Ainda não se sabe a causa, mas a leucemia tem cura e também não é uma doença hereditária, sendo que 90% dos casos são diagnosticados em pessoas com mais de 60 anos (leucemia em idoso), sendo os homens os mais afetados.

Sinais e Sintomas – LMMC

O corpo avisa quando algo não vai bem, sendo que pacientes com LMMC apresentam uma quantidade elevada dos monócitos, e isso acaba provocando um aumento do baço (esplenomegalia) e do fígado (hepatomegalia), causando dor e desconforto. Outros sinais comuns à doença são:

  • Anemia;
  • Fadiga;
  • Falta de ar;
  • Palidez;
  • Infecções constante;
  • Hemorragias e hematomas.

Diagnóstico e Monitoramento – LMMC

Normalmente, leucemia tem cura e o diagnóstico é feito através de um hemograma completo (exame de sangue), seguido de biópsia e exame de citogenética para analisar as alterações genéticas das células, e assim determinar o subtipo da doença.
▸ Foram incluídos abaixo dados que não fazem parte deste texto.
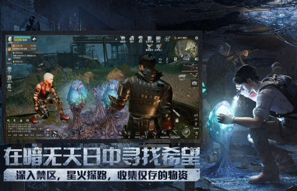 背景设定在被致命病毒摧毁的废土世界。玩家作为幸存者需要在资源匮乏、感染者横行的环境下求生,需要从收集基础材料开始,然后再制作工具和武器,搭建庇护所并升级防御设施。游戏有动态环境系统。玩家可以加入营地,和好友一起建造堡垒、争夺资源点,还能体验多人合租,四个人住在同一个屋子里抵御外敌。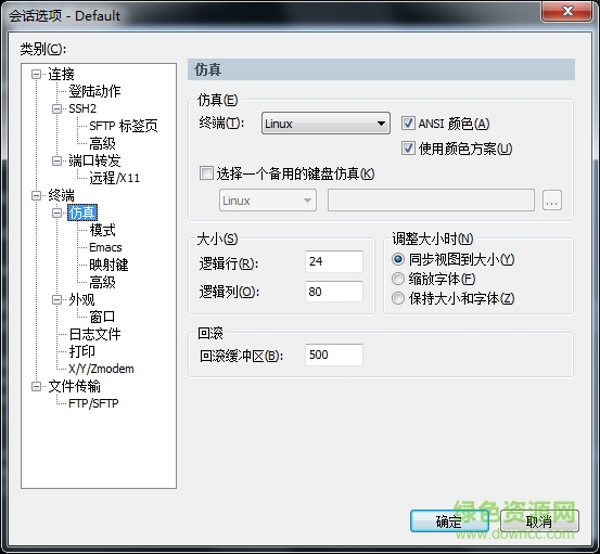 終端選擇“Linux”, 勾選“ANSI顏色” 和 “使用顏色方案”,終端顏色配置請見下面后續(xù)...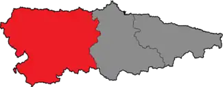 Western District is one of the three constituencies (Spanish: circunscripciones) represented in the General Junta of the Principality of Asturias, the regional legislature of the Principality of Asturias. The constituency currently elects six deputies. It comprises the municipalities of Allande, Belmonte de Miranda, Boal, Candamo, Cangas del Narcea, Castropol, Coaña, Cudillero, Degaña, El Franco, Grado, Grandas de Salime, Ibias, Illano, Muros del Nalón, Navia, Pesoz, Pravia, Salas, San Martín de Oscos, Santa Eulalia de Oscos, San Tirso de Abres, Somiedo, Tapia de Casariego, Taramundi, Teverga, Tineo, Valdés, Vegadeo, Villanueva de Oscos, Villayón and Yernes y Tameza. The electoral system uses the D'Hondt method and a closed-list proportional representation, with a minimum threshold of 3%.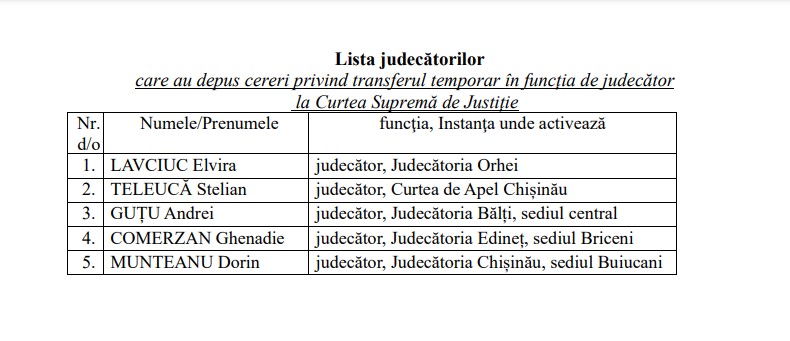 Așadar, în cadrul ședinței de astăzi a CSM, a fost examinată cererea de desfășurare a concursului privind suplinirea, prin transfer temporar, a funcțiilor vacante de judecător la Curtea Supremă de Justiție.
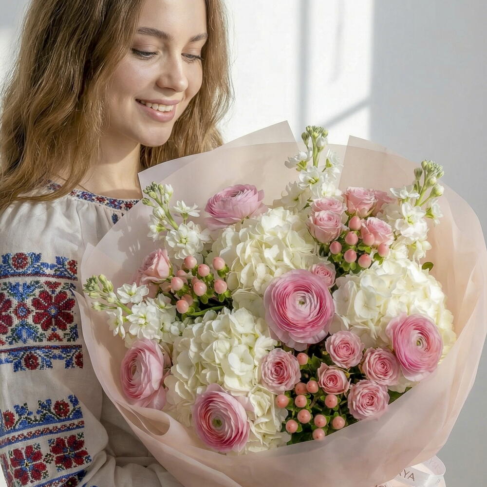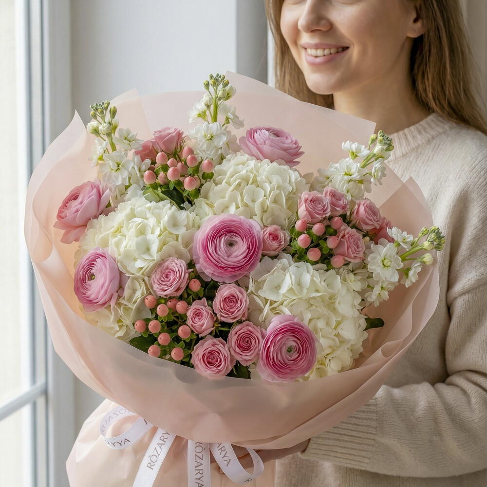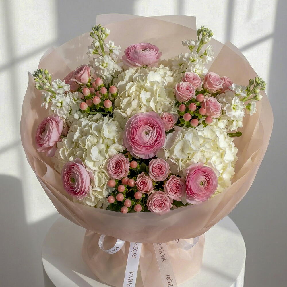 pink ranunculus - 6 pcs white hydrangeas - 3 pcs white matthiola - 3 pcs pink hypericum berries - 5 pcs pink spray roses - 6 pcs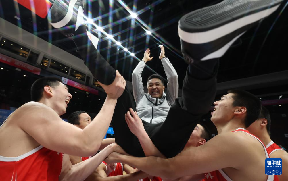 11月18日,广东队球员在比赛后将主教练原园(上)抛起庆祝夺冠。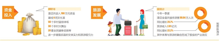 “以澄迈自2006年以来参与举办的环岛自行车赛为例,每次赛事都会有骑友以及大量随行亲友、后勤保障团队人员来到澄迈,带动酒店住宿、餐饮、健康医疗、乡村旅游等相关产业发展。”澄迈县文体有关负责人表示,举办自行车赛事也加速推动了全县路网交通、体育场馆等基础设施建设,仅2017年,澄迈共投入760万元资金建成4间文化室、50个农村篮排球场、30个农村大舞台及20套全民健身设施等,进一步增强了该县的文体实力和旅游吸引力。
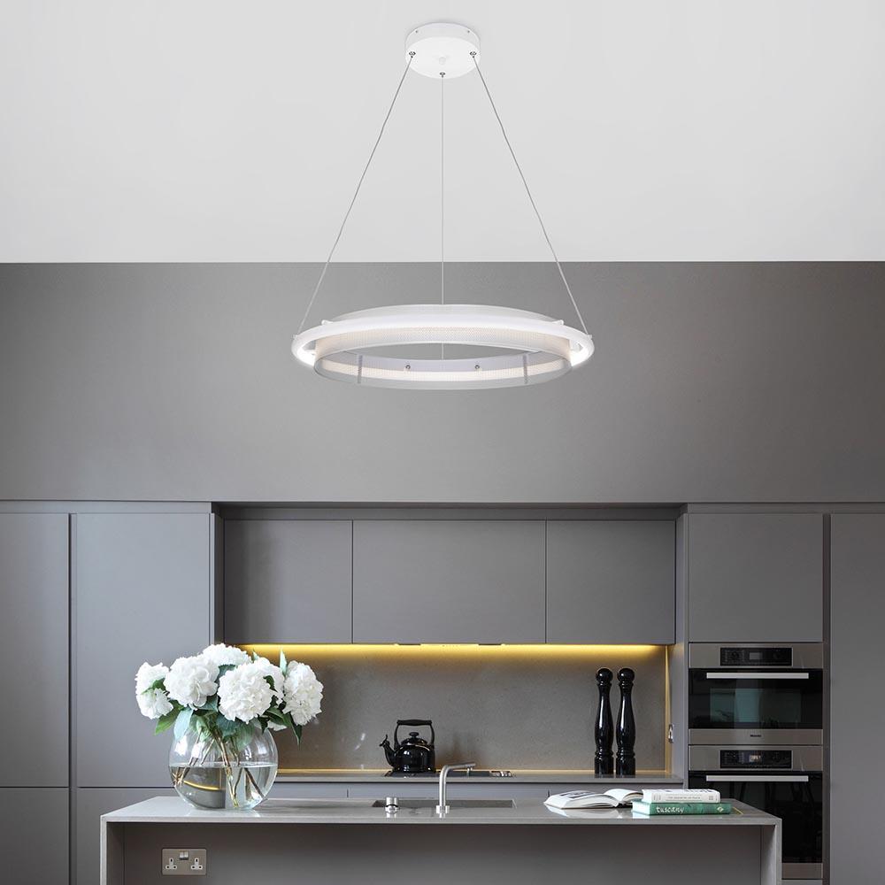 Подвесной светодиодный светильник Eurosvet Imperio 90241/1 белый/ серебро Smart от Китайского бренда из коллекции Imperio предназначен для установки на потолок в гостиной в хай-тек стиле. Cветильник в форме с металлической арматурой серебрянного цвета и белого цвета плафонами из пластика предназначен для освещения м2.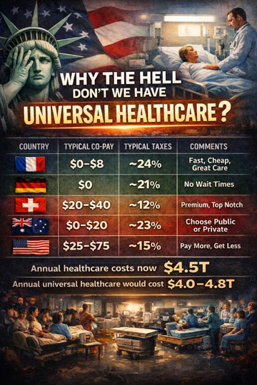 Also need to reduce the prices of healthcare. Like Hospitals, specialists,and diagnostic test like MRI’s, CT’s and bloodwork are through the roof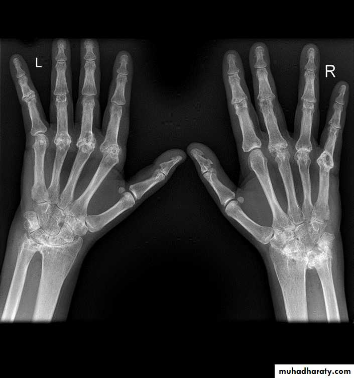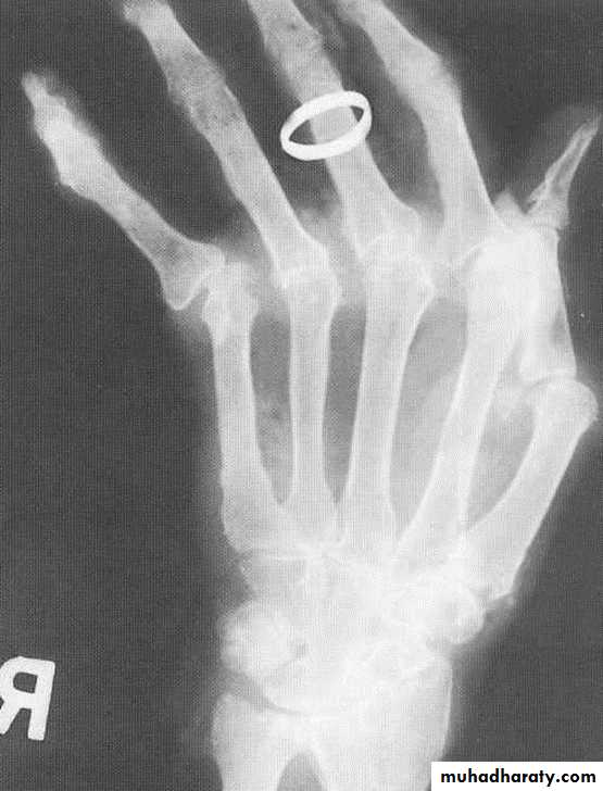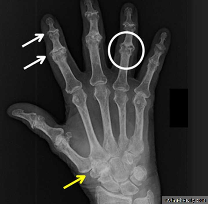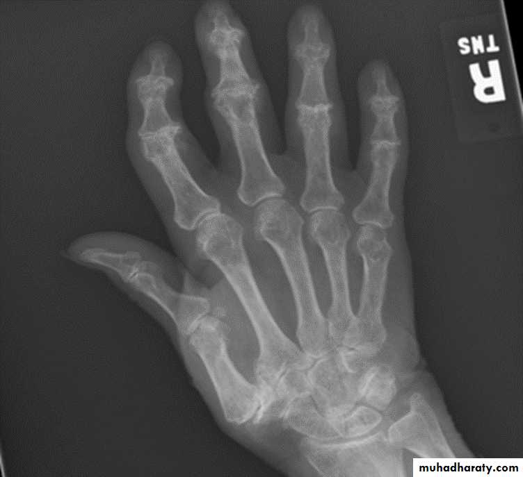 OA with superimposed inflammatory, erosive changes. Characteristically affects middle-aged women.Radiographic features:

Já a imunofenotipagem, por sua vez, feita também com uma amostra de sangue aspirado da medula óssea, irá verificar as características da superfície da célula. O FISH (Hibridização Fluorescente in situ) e o PCR (Reação em Cadeia da Polimerase) também são recomendados para diagnóstico e monitoramento.

Leucemia tem cura: Tratamento – LMMC

Leucemia tem cura e atualmente, o tratamento possibilita bons resultados para o paciente, sendo as principais opções as seguintes:

  • Transplante de medula óssea;
  • Quimioterapia com Hidroxiureia, Azacitidina, Decitabina, Citarabina, Idarrubicina, Fludarabina;
  • Transfusão de sangue;
  • Radioterapia;

7. Leucemia Bifenotípica – LAB

Embora raro, cerca de 4 a 6% dos pacientes com leucemias agudas podem apresentar este tipo de leucemia. Na leucemia bifenotípica (LAB), os blastos apresentam as duas linhagens: mieloide e linfoide.

Apesar de não se saber a causa, este tipo de leucemia tem cura, mas pode ter início nas células que ainda não se diferenciaram, ou seja, antes de se tornarem células com características mieloide e linfoide. A LAB pode ocorrer durante a recaída de leucemia mielóide aguda ou leucemia linfocítica aguda.

Para reforçar o diagnóstico pode ser preciso realizar uma análise morfológica e citoquímina (mielograma), além da imunofenotipagem, exame que análise de características específicas das células, podendo assim defini-las como sendo da linhagem mieloide e linfoide.

Ainda não há nenhum tratamento específico, mas a maioria dos oncologistas adota um protocolo misto, que pode utilizar o tratamento indicado tanto para a leucemia mieloide aguda (LMA), quanto para a leucemia linfoide aguda (LLA). O especialista é quem irá decidir pela melhor opção. O transplante de medula óssea também pode ser opção, dependendo da indicação médica.